Avant d’avoir mes vingt et un ans

Je dois dire que le 18 mai 1920 à neuf heures du matin, je n’étais pas encore né. On m’a dit plus tard que j’étais né entre cinq et six heures de l’après-midi. À peu près au même moment, entre cinq et six heures de l’après-midi mais cinquante-huit ans plus tard à peine, j’ai été élu pape. (…).

Je suis né au moment où les bolcheviks s’apprêtaient à entrer dans Varsovie. La Pologne était très vulnérable. J’ai été baptisé, on m’a donné le prénom Karol  que je porte avec moi toute ma vie … Quand je regarde en arrière, je vois le chemin de ma vie qui me conduit, à travers l’environnement, à travers la paroisse, à travers ma famille, à un seul endroit: aux fonts baptismaux de l’église paroissiale de Wadowice. C’est à cet endroit que, le 20 juin 1920 j’ai été accepté dans la grâce de la filiation de Dieu et dans la foi de mon Rédempteur, dans la communauté de son Église. En  me donnant ce prénom, mes parents  voulaient me confier à la protection de saint Charles Borromée (…).

Tout cela me rappelle ma vie: le jour du baptême et le jour de la Première Communion, dont je garde toujours mes photographies. Ce sont des moments historiques dans la vie de chacun de nous. Chacun de nous a une histoire. En visionnant ces photos des années plus tard, la mémoire de ces moments reprend vie, elle renvoie à la pureté et à la joie éprouvée à la rencontre de Jésus qui  est devenu par amour le rédempteur de l’homme. La Première Communion est une rencontre inoubliable avec Seigneur Jésus et sans aucun doute l’un des plus beaux jours de la vie. Je me souviens encore du jour où  j’ai reçu,  parmi mes pairs, l’Eucharistie pour la première fois dans mon église paroissiale.

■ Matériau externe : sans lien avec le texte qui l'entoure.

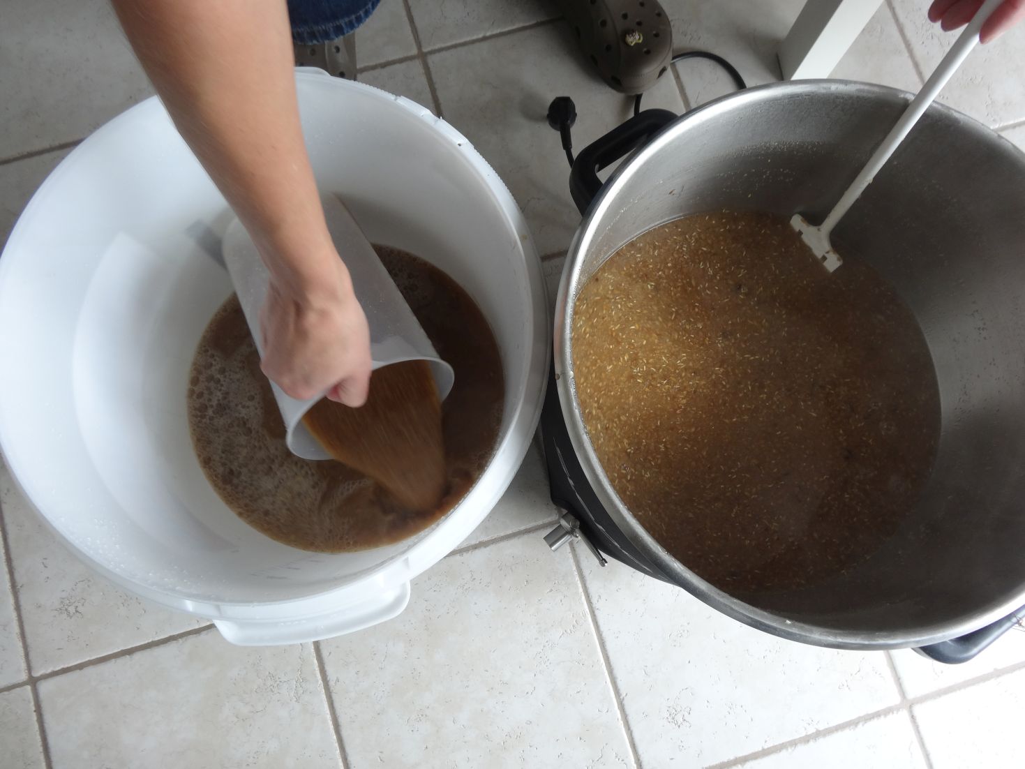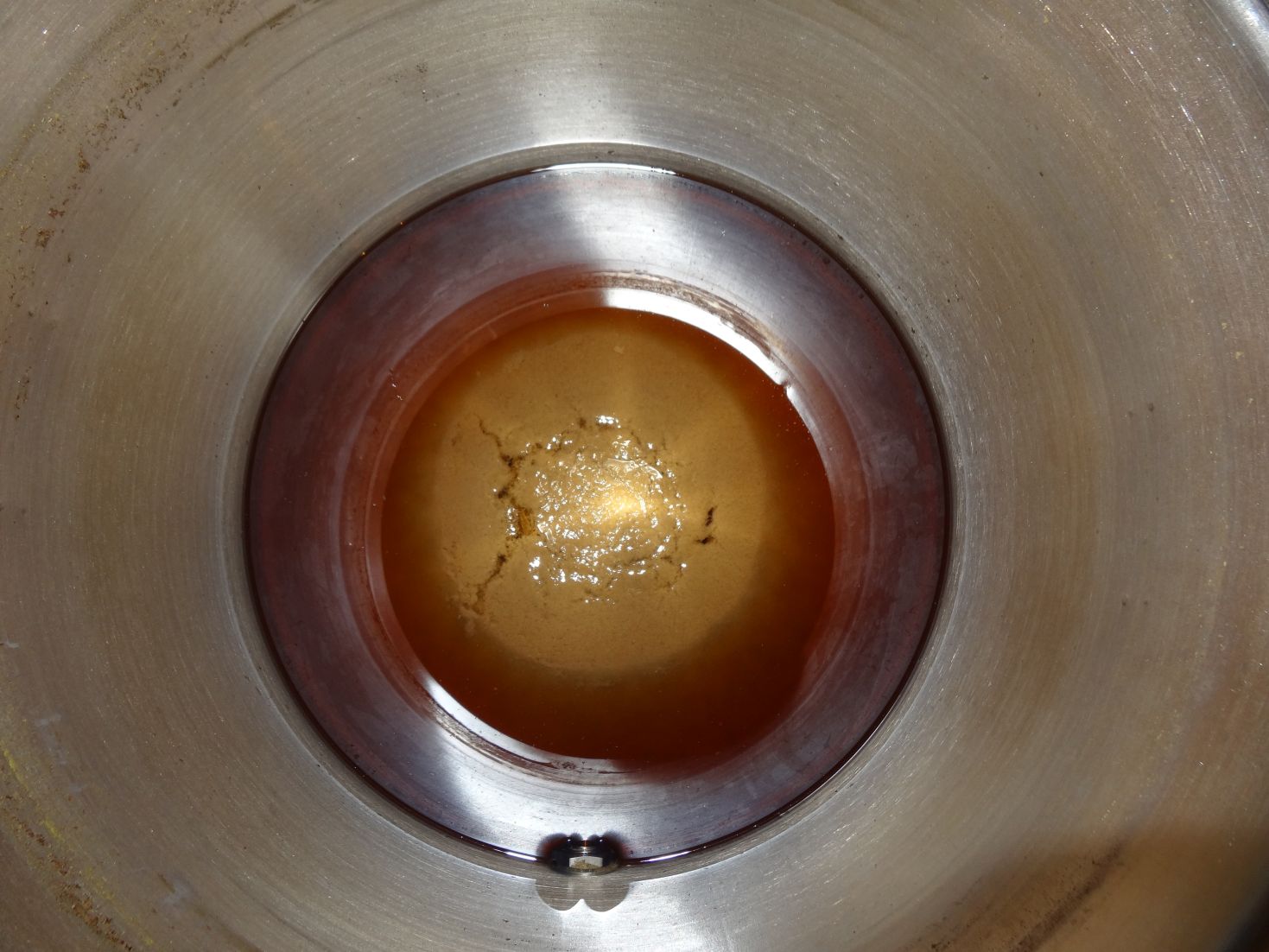 Das Läutern zieht sich, die Nachgüsse werden vorsichtig mit Messbecher und Schaumlöffel drauf gegossen... gegen Ende müssen wir dann aber doch zum ersten Mal den Treber etwas aufhacken, weil gar nichts mehr kommt und das Nachgusswasser kein Durchkommen hat. Hatten wir bislang noch nie. Aber Ende gut, alles gut.
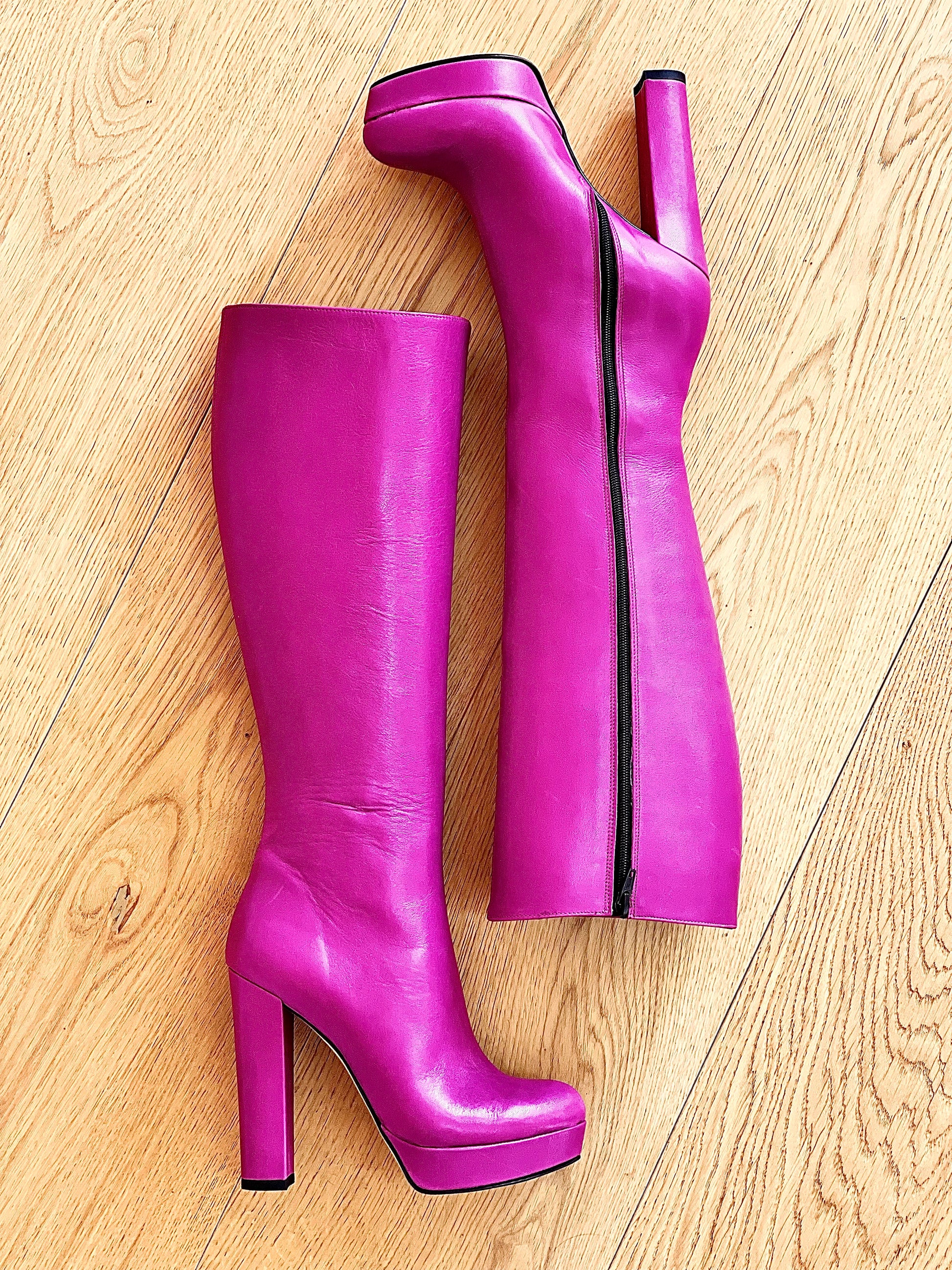 Leren laarzen met ronde teen, 12 cm hoge hak en 2 cm plateau.
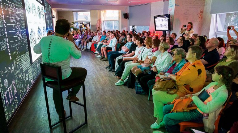 Открыло программу научно-популярное ток-шоу «Научный ринг», которое прошло в форме дебатов на тему «Превзойдет ли ИИ способности своего создателя». Модератором научных боев стала Лия Захарова, медицинский журналист, автор книги «Онколикбез», специалист по связям с общественностью Федерального центра сердечно-сосудистой хирургии Челябинска. Сергей Николаев, генеральный директор и сооснователь компании CyberPhysics, кандидат технических наук, отстаивал позицию «да, превзойдет», ссылаясь на экономические показатели и взрывной рост популярности нейросетей у не слишком усердных студентов. Его секундант Забава Устинова, ассистент кафедры теории корабля факультета кораблестроения и океанотехники, специалист отдела профориентации в Санкт-Петербургском государственном морском техническом университете, делала упор на то, что при выполнении рутинных операций с эффективностью ИИ мало что может сравниться.

Mon enfance a été vite marquée par la perte de mes êtres chers. D’abord ma mère qui n’a pas vécu assez pour voir ma Première Communion (…). Si je vis dans ce monde, c’est parce que c’est elle qui m’a donné cette vie. J’ai perdu ma mère à l’âge de neuf ans et c’est pourquoi je m’en souviens moins. Après sa mort, puis après la mort de mon grand frère, nous sommes restés à deux, moi et mon Père.   Elle voulait avoir deux fils: un médecin et un prêtre. Mon frère était médecin et je suis devenu prêtre après tout. Je n’ai pas connu ma sœur qui est née quelques années avant ma naissance, elle est décédée peu de temps après être née.Mon frère Edmund, jeune médecin est décédé au début de son indépendance professionnelle. Il était infecté par une scarlatine aiguë. A l’époque, en 1932, en l’absence d’antibiotiques, il s’agissait d’une infection mortelle. Ce sont des événements qui sont profondément gravés dans ma mémoire. Je suis devenu donc assez rapidement  semi-orphelin et «enfant unique». Mon adolescence  a été liée avant tout à la figure du Père, dont la vie spirituelle s’est encore approfondie, après la  perte de sa femme et de son fils aîné. J’ai observé de près sa vie, j’ai vu comment il était exigeant envers lui-même, je l’ai vu s’agenouiller pour prier. C’était la chose la plus importante à l’époque qui marque l’adolescence d’un jeune. Un père qui savait exiger de lui-même, n’avait plus besoin de demander à son fils. J’ai appris en le regardant qu’il faut se fixer les exigences soi-même et être assidu dans l’accomplissement de ses propres devoirs.Ce Père que je considère comme un homme extraordinaire, est décédé – presque soudainement – pendant la Seconde Guerre mondiale et l’occupation, avant mes vingt et un ans. Jean-Paul II. Autobiographie.